Once you reach the line with "单体贯通暴击主C,倍率高于原" below, copy each line exactly, stopping after the line with "襟元のフリルからふんわりとしたシルエットを作るフェミニンなブラウス。", and skip any pictures.

[GIVEN RECORDS Boundary: Start]

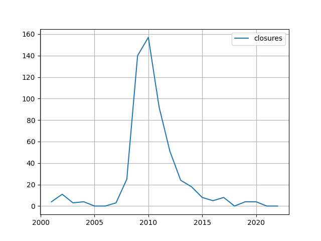 dfg['closures'] = df.groupby('year').size()
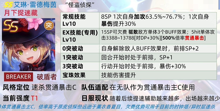 单体贯通暴击主C,倍率高于原皮但远比不上薰衣香夏目,欠费优势可用于目前的时钟塔/异时层速杀
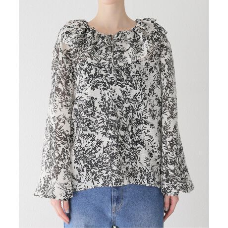襟元のフリルからふんわりとしたシルエットを作るフェミニンなブラウス。
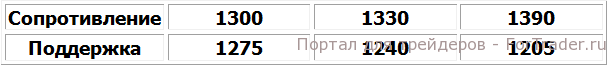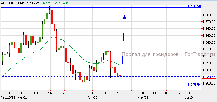 Котировки золота не изменились вследствие низкой торговой активности. Согласно техническому анализу дневного графика, золото сформировало модель «двойное дно» на уровне поддержки 1,275$ и уровне сопротивления 1,390$. Пока золото торгуется выше уровня поддержки, оно может завершить формирование фигуры и в течении месяца достичь уровня сопротивления. Прорыв ниже уровня поддержки, остановит формирование «двойного дна» и вернет золото к уровню поддержки 1,240$.
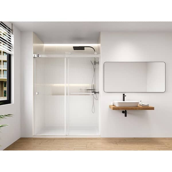 Fluted / Reeded Glass 60 in. W x 79 in. H Double Sliding Frameless Bath Shower Door in Chrome
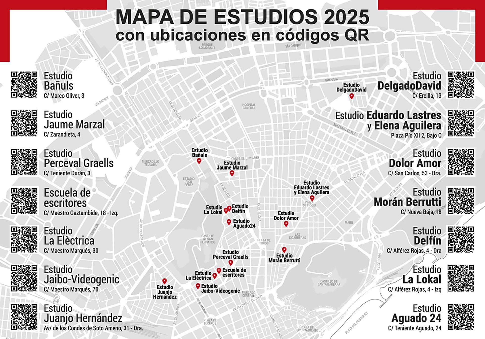 The tour includes iconic studios spread throughout the city such as Bañuls, Eduardo Lastres and Elena Aguilera, Jaume Marzal, Cifo Fango, Dolor Amor, Delgadodavid, or Mariam Cremades, where visitors can enjoy painting, sculpture, installation, photography, sound art, or video.
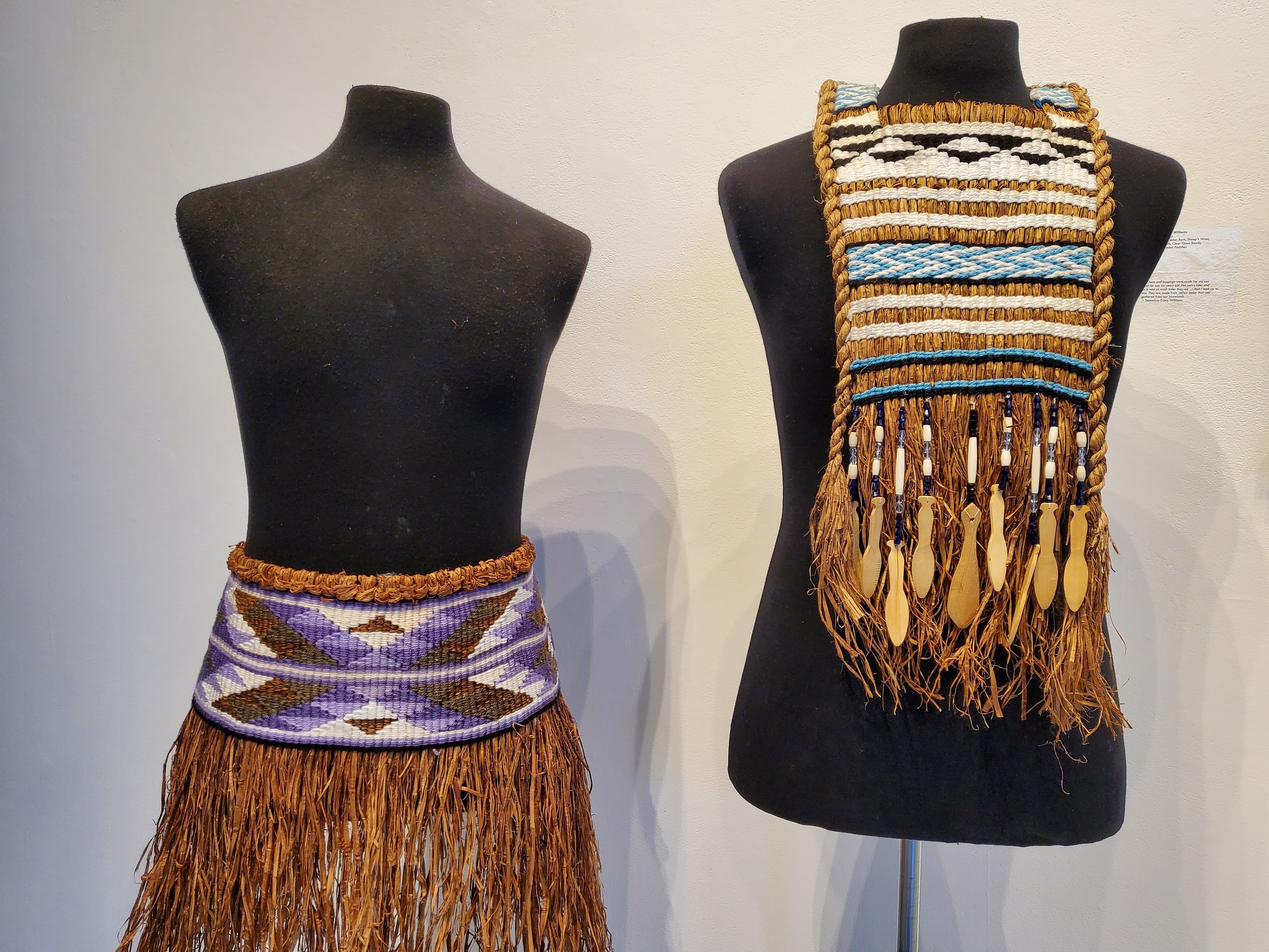 When visitors first enter the exhibit, they are greeted with objects Skwxwu7mesh artists made with cedar such as clappers (a musical instrument), bailers (used to scoop out water from canoes), and clothing.

[GIVEN RECORDS Boundary: End]

▸ **WRITTEN REPLY**:
 单体贯通暴击主C,倍率高于原皮但远比不上薰衣香夏目,欠费优势可用于目前的时钟塔/异时层速杀
襟元のフリルからふんわりとしたシルエットを作るフェミニンなブラウス。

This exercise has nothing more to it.